Reprinted from the Kinnser Software Home Health Blog March 28, 2012 by Karen Brooks
Amid the myriad improvements the Medicare Provider Enrollment, Chain and Ownership System (PECOS) database system has undergone in recent years is a new program that a top expert in the field says will help health care providers stay in the Centers for Medicare and Medicaid Services (CMS) compliance, better insure themselves against denied claims and reduce the risk of fraud in the Medicare system.
The “surrogate” program will let providers approve agencies, consultants, third-party vendors or any other entity of their choosing to work on their behalf in the PECOS system – allowing them to enroll payers and keep records up-to-date without having to get approval for a National Provider Identifier (NPI) and National Plan & Provider Enumeration System login.
“It’s incredibly smart and easy,” said PECOS expert David Zetter, founder, consultant and speaker atZetter HealthCare in Harrisburg, Penn.
The program is aimed at preventing providers from sharing out their unique NPI usernames and passwords – which by Medicare policy is supposed to be kept private – to entities they hire or contract to take care of their PECOS credentials.
An entity, employee or third party vendor applies to be a surrogate, and then looks up all the NPIs of the providers they want to add to their account. The system then sends an email to the provider asking for approval. Once approved, the surrogate has the ability to access National Plan and Provider Enumeration System (NPPES), PECOS and Electronic Health Record (HER) registration and attestation should the provider allow all these areas, Zetter said.
The problem the program is trying to solve?
“Compliance, security, breaking the law,” Zetter said. “Right now, providers have to give somebody like me or someone else their user ID and password in order to get into their NPPES account or PECOS (to help with their credentialing process.) Medicare is currently turning a blind eye, but the regulations don’t really allow this. You’re in violation of their security policies by doing that, but there’s no other alternative.
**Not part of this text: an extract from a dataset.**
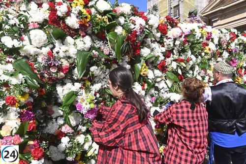Vibrante celebración con ofrenda floral a la Virgen del Pilar en un día soleado.
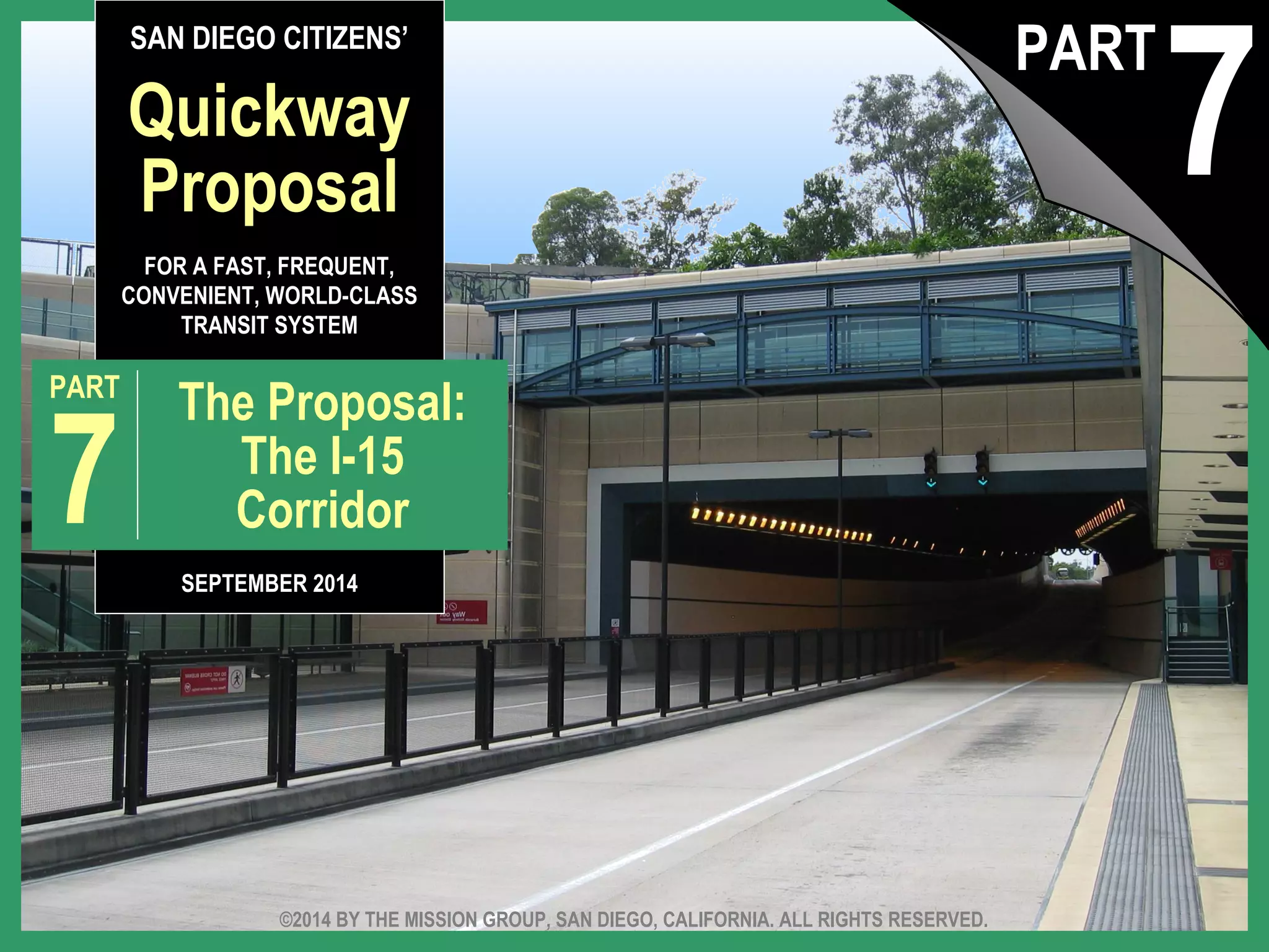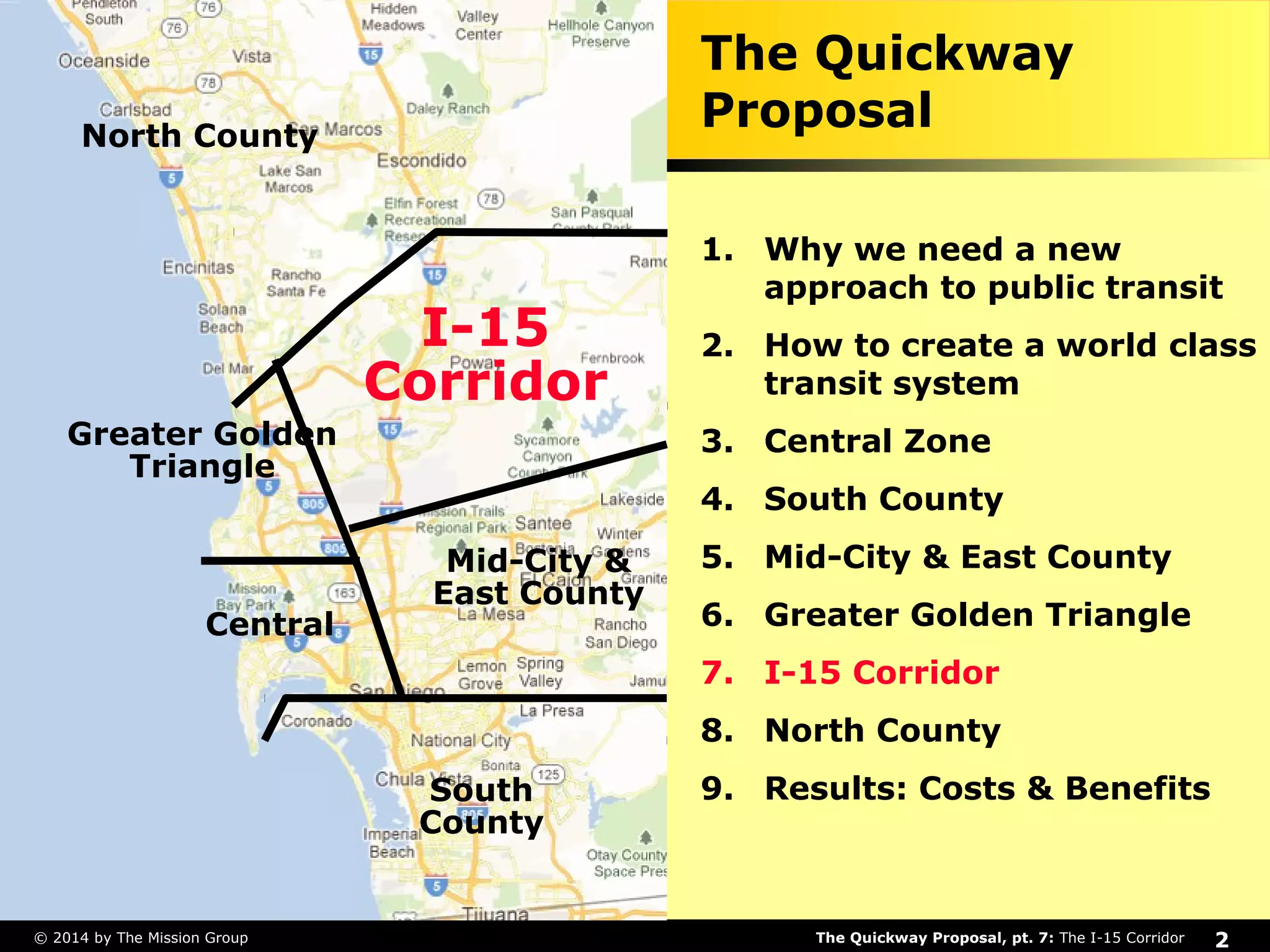 This document proposes a transit system for the I-15 corridor in San Diego County. It would include a grade-separated quickway, arterial transitways, and passenger-friendly stations. Core routes and MetroXpress routes would operate along the corridor, with the MetroXpress providing express service between major destinations like Mira Mesa, Rancho Bernardo, and the airport, while stopping primarily at superstations. The proposal aims to create a world-class rapid transit system but notes that elements may need redesign due to construction changes.

Ninety-nine percent of providers don’t do their own credentials.”
The program was set to go live in May, 2012, he said, but technical difficulties in the programming is delaying the rollout – which will now come at an undetermined later date.
The new program should allow home health agencies to act as surrogates for referring physicians, enrolling them in PECOS for those who have not taken the initiative to do so and helping them keep those records up to date.
“Any provider could authorize anyone to be their surrogate,” Zetter said, “but any surrogate will go through CMS/CPI vetting via their social security number and other ID information to ensure they are not excluded individuals.” This access will help agencies avoid potential denial of claims for services that were ordered or referred by a physician or other eligible professional simply for lack of an approved file in PECOS. Click to learn more.
“The surrogate program is big for any practice or group or entity that has multiple providers because it makes it easier to access all those providers files, rather than in one place having to login separately for every provider,” he said.
- If you decide to apply as a surrogate, make sure you contact the provider first so that he or she knows to look for the PECOS email informing them of your request to be approved. Emails slip through the cracks, and the application will only be good for a set amount of time.
- Make sure the contact email on the NPPES account is up to date, so that the email will go to the right person for approval.